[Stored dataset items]
^^^^^^^^

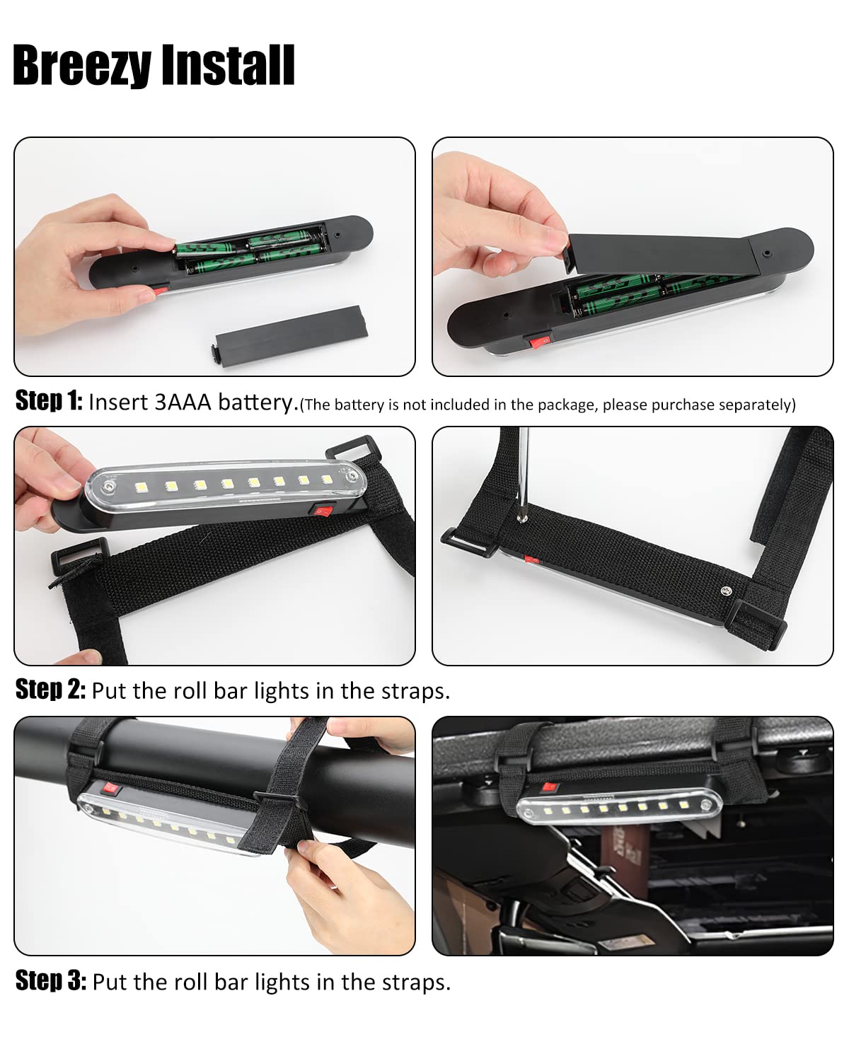 Application UTV interior lights are universal kit, which work for UTV including Polaris RZR 570 800 900 1000 XP Turbo, Polaris Ranger 500/570/1000/, Polaris General 1000. UTV dome light Compatible with CAN-AM Commander Defender Maverick X3 Roll bar led lights compatible with all Jeep wrangler Model CJ TJ TJ JK JL JT Pickup Truck. Specification Watt of dome light for utv: 30w Color of dome light for utv: White Quantity of dome light for utv: 2 PCS LED chip of dome light for utv: 16 pcs of 5050 smd Fitment of dome light for utv: Universal kit Placement on Vehicle of dome light for utv: Any place with round roll bar
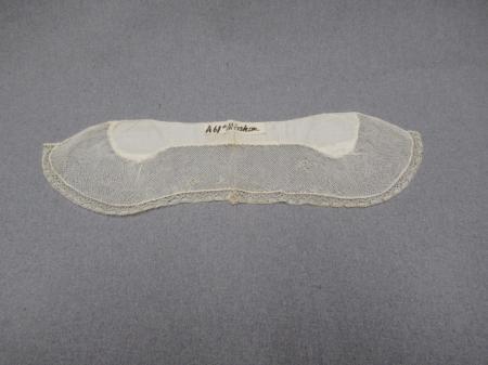 A61. a, b, Juni 1922 Mörskom Kankböle Stycke till bindmössa b) sorgstycke. Kommentar: Kantspets, ”Kouknatto”, dubbel tyll med maskin. B: 7,5 cm, L: 38,5 cm, H: 9,5 cm.
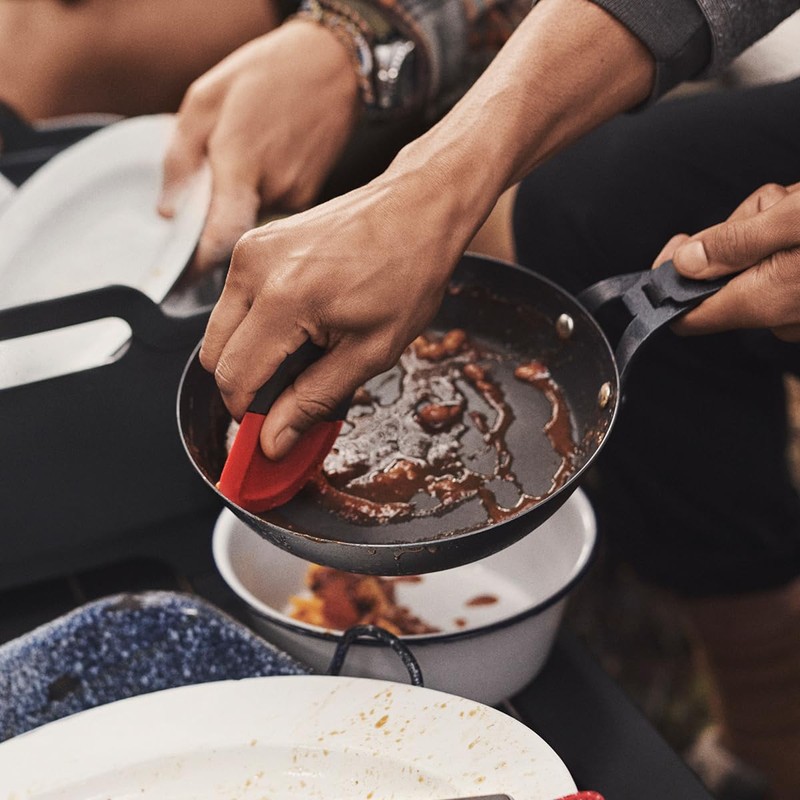 Before you wash a single dish at camp, use the OXO Outdoor 3-in-1 Squeegee & Scraper to clean off any lingering bits of food and grime. (You'll waste less water this way!) It has a flexible silicone side (that can clear off food and wipe away water when it's time for drying), a tough plastic scraper (that can chip away at burnt-on bits) and a stainless steel grill cleaner (with notches that hug the grates). When it's time to pack up, the Scraper just slides into a bag. Dishwasher safe.
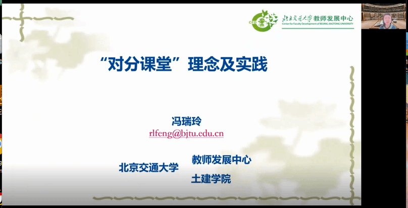 冯瑞玲老师根据“对分课堂”相关教育理论与教学理念,分析了当前教学模式中存在的关键问题,提出“对分课堂”的教学方法,阐述了对分课堂模式的科学内涵;通过对分课堂教学案例,详细地解读了对分课堂教学模式的构成及基本流程和应对措施;进而指出了对分课堂的创新之处,展示了有效对分课堂能够提高各种教育场景的教学效果。冯老师倡导教师及时探索实践对分课堂教学模式,不断提高学生课堂参与效果,调动学生学习的兴趣以及自主学习的积极性。冯老师对与会教师们提出的问题分别做了详细的解答;与会教师积极发言,互动气氛热烈。
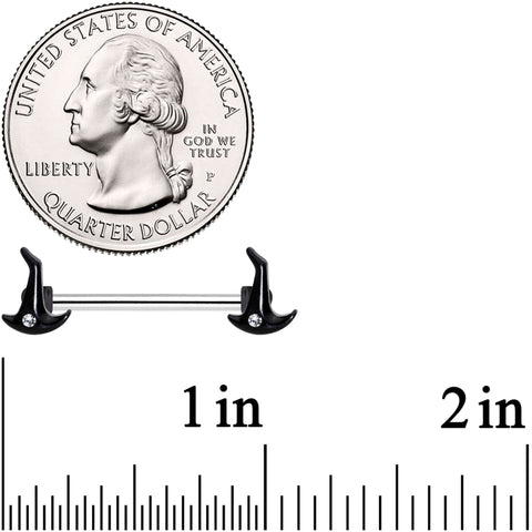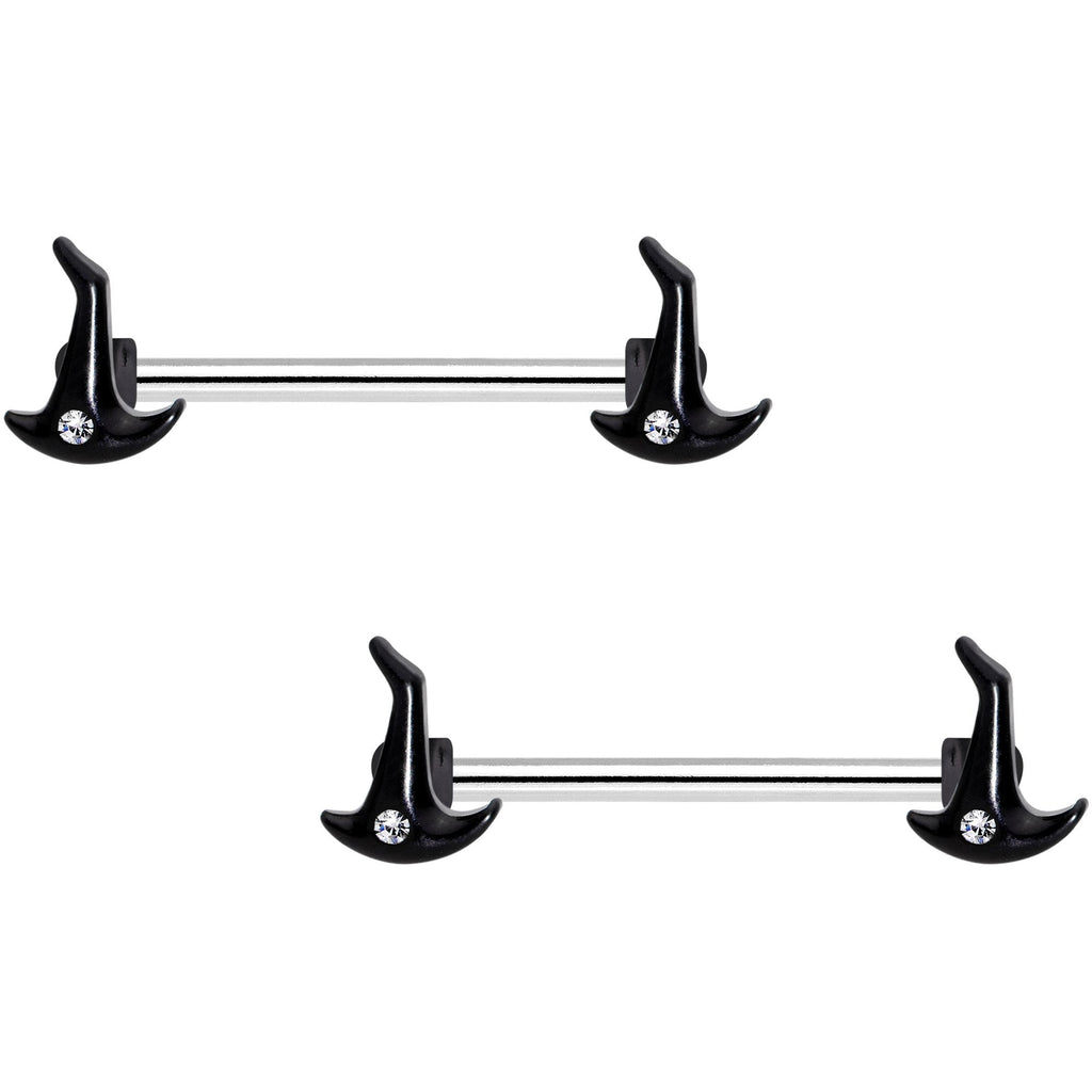 Show off your dark side anytime you like when you wear these 14 gauge nipple piercings with spooky Halloween style. Made with 14mm durable 316L surgical grade stainless straight barbells, this dangle nipple jewelry features black witch hat ends set with clear gems. This set of barbell nipple rings is sold as a set of two.Specifications

^^^^^^^^

• _Work order_: Exact wording is required throughout: write out all the records, but no pictures.

• _Reply to the exercise_:
 Application UTV interior lights are universal kit, which work for UTV including Polaris RZR 570 800 900 1000 XP Turbo, Polaris Ranger 500/570/1000/, Polaris General 1000. UTV dome light Compatible with CAN-AM Commander Defender Maverick X3 Roll bar led lights compatible with all Jeep wrangler Model CJ TJ TJ JK JL JT Pickup Truck. Specification Watt of dome light for utv: 30w Color of dome light for utv: White Quantity of dome light for utv: 2 PCS LED chip of dome light for utv: 16 pcs of 5050 smd Fitment of dome light for utv: Universal kit Placement on Vehicle of dome light for utv: Any place with round roll bar
 A61. a, b, Juni 1922 Mörskom Kankböle Stycke till bindmössa b) sorgstycke. Kommentar: Kantspets, ”Kouknatto”, dubbel tyll med maskin. B: 7,5 cm, L: 38,5 cm, H: 9,5 cm.
 Before you wash a single dish at camp, use the OXO Outdoor 3-in-1 Squeegee & Scraper to clean off any lingering bits of food and grime. (You'll waste less water this way!) It has a flexible silicone side (that can clear off food and wipe away water when it's time for drying), a tough plastic scraper (that can chip away at burnt-on bits) and a stainless steel grill cleaner (with notches that hug the grates). When it's time to pack up, the Scraper just slides into a bag. Dishwasher safe.
 冯瑞玲老师根据“对分课堂”相关教育理论与教学理念,分析了当前教学模式中存在的关键问题,提出“对分课堂”的教学方法,阐述了对分课堂模式的科学内涵;通过对分课堂教学案例,详细地解读了对分课堂教学模式的构成及基本流程和应对措施;进而指出了对分课堂的创新之处,展示了有效对分课堂能够提高各种教育场景的教学效果。冯老师倡导教师及时探索实践对分课堂教学模式,不断提高学生课堂参与效果,调动学生学习的兴趣以及自主学习的积极性。冯老师对与会教师们提出的问题分别做了详细的解答;与会教师积极发言,互动气氛热烈。
 Show off your dark side anytime you like when you wear these 14 gauge nipple piercings with spooky Halloween style. Made with 14mm durable 316L surgical grade stainless straight barbells, this dangle nipple jewelry features black witch hat ends set with clear gems. This set of barbell nipple rings is sold as a set of two.Specifications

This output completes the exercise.